Task item |
Send back the line that contains "Warning Never Use" and all lines following it through the end of the data below, exactly, omitting pictures.

Information provided |
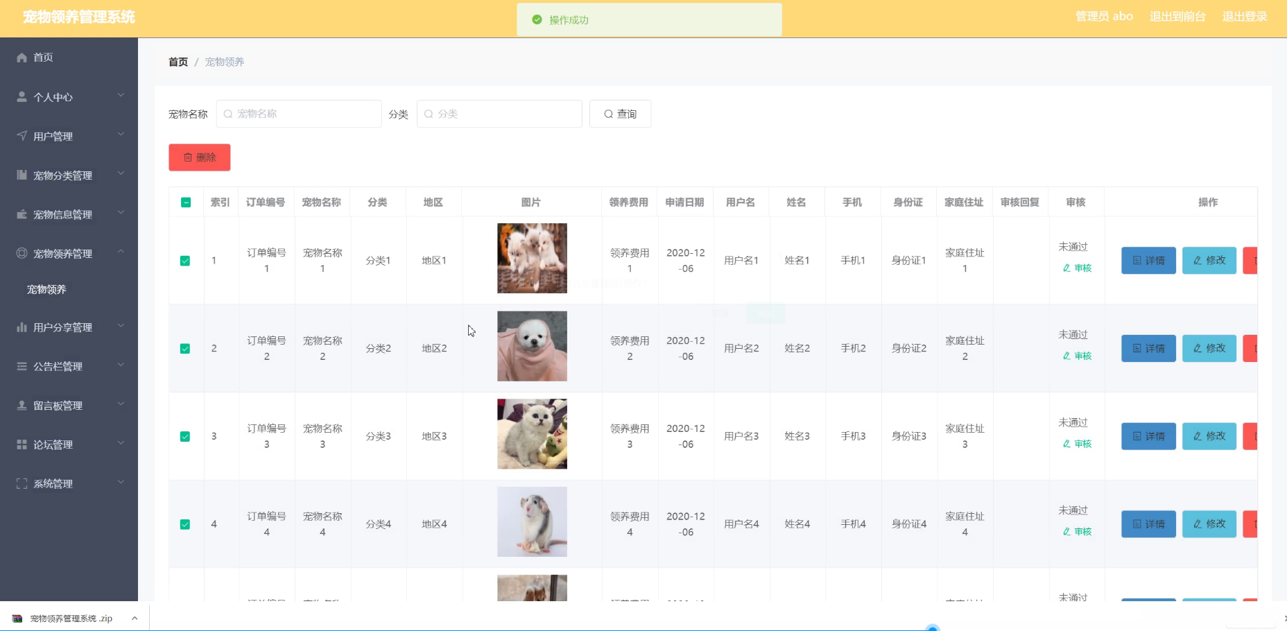 本研究的核心在于通过建立宠物管理系统来显著提高宠物行业内的管理效能和服务水平。该系统不仅具备对宠物相关信息实施全方位管理的能力,并且能够有效整合各项关键数据要素。此外,在功能设计上还特别注重用户体验,在提供基础信息记录的同时还加入了健康档案跟踪模块以满足专业需求。基于此,在实际应用中可帮助相关机构更高效地完成日常运营工作并为其提供专业的技术支持服务
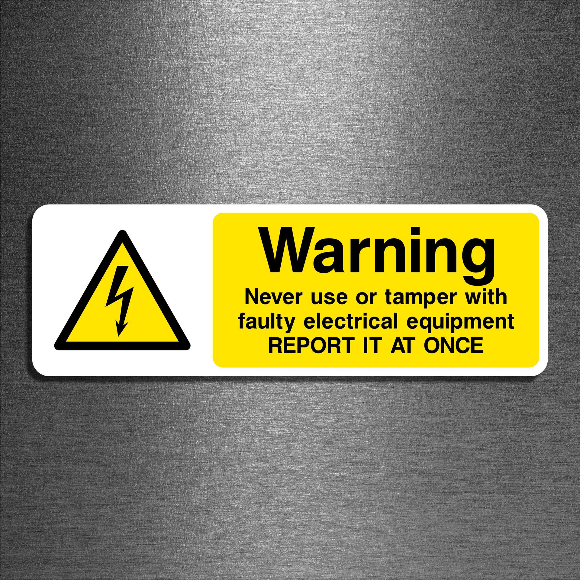 Warning Never Use or Tamper with Faulty Electrical Equipment Report It at Once Signs are designed to promote electrical safety by warning people not to use or interfere with damaged or malfunctioning electrical devices. These signs play a critical role in preventing electric shock, fires, injuries, or equipment damage in workplaces, schools, public buildings, and industrial environments. All our safety signs are compliant with BS EN ISO 7010 where applicable.
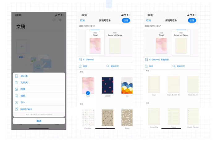 我个人是十分喜欢goodnotes新建笔记本的功能的。它可以选择笔记本的封面和纸张,而且软件内自带多种封面图案和纸张样式。
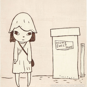 1988年,28岁的奈良美智前往德国杜塞尔多夫艺术学院学习,他在德国探索出了细腻敏感的画风,也遇到了后来被他称为恩师的画家彭克,彭克以对战后德国状况的反思而闻名,同时影响着奈良美智的还有整个德国社会对二战的反省。“9·11”事件后,美国以“打击恐怖主义”的名义发动阿富汗战争,奈良美智受到日本摄影师川内伦子的邀请,两人共赴阿富汗战场。奈良美智认为,“身处遥远又安全的国度,说着反对战争似乎是没有什么说服力呢。也许什么都做不了,还是走吧!”他以摄影与绘画的形式记录了阿富汗人们的生活日常,这趟旅程也让他开始关注全球政治与殖民史等话题。

Answer to the exercise |
 Warning Never Use or Tamper with Faulty Electrical Equipment Report It at Once Signs are designed to promote electrical safety by warning people not to use or interfere with damaged or malfunctioning electrical devices. These signs play a critical role in preventing electric shock, fires, injuries, or equipment damage in workplaces, schools, public buildings, and industrial environments. All our safety signs are compliant with BS EN ISO 7010 where applicable.
 我个人是十分喜欢goodnotes新建笔记本的功能的。它可以选择笔记本的封面和纸张,而且软件内自带多种封面图案和纸张样式。
 1988年,28岁的奈良美智前往德国杜塞尔多夫艺术学院学习,他在德国探索出了细腻敏感的画风,也遇到了后来被他称为恩师的画家彭克,彭克以对战后德国状况的反思而闻名,同时影响着奈良美智的还有整个德国社会对二战的反省。“9·11”事件后,美国以“打击恐怖主义”的名义发动阿富汗战争,奈良美智受到日本摄影师川内伦子的邀请,两人共赴阿富汗战场。奈良美智认为,“身处遥远又安全的国度,说着反对战争似乎是没有什么说服力呢。也许什么都做不了,还是走吧!”他以摄影与绘画的形式记录了阿富汗人们的生活日常,这趟旅程也让他开始关注全球政治与殖民史等话题。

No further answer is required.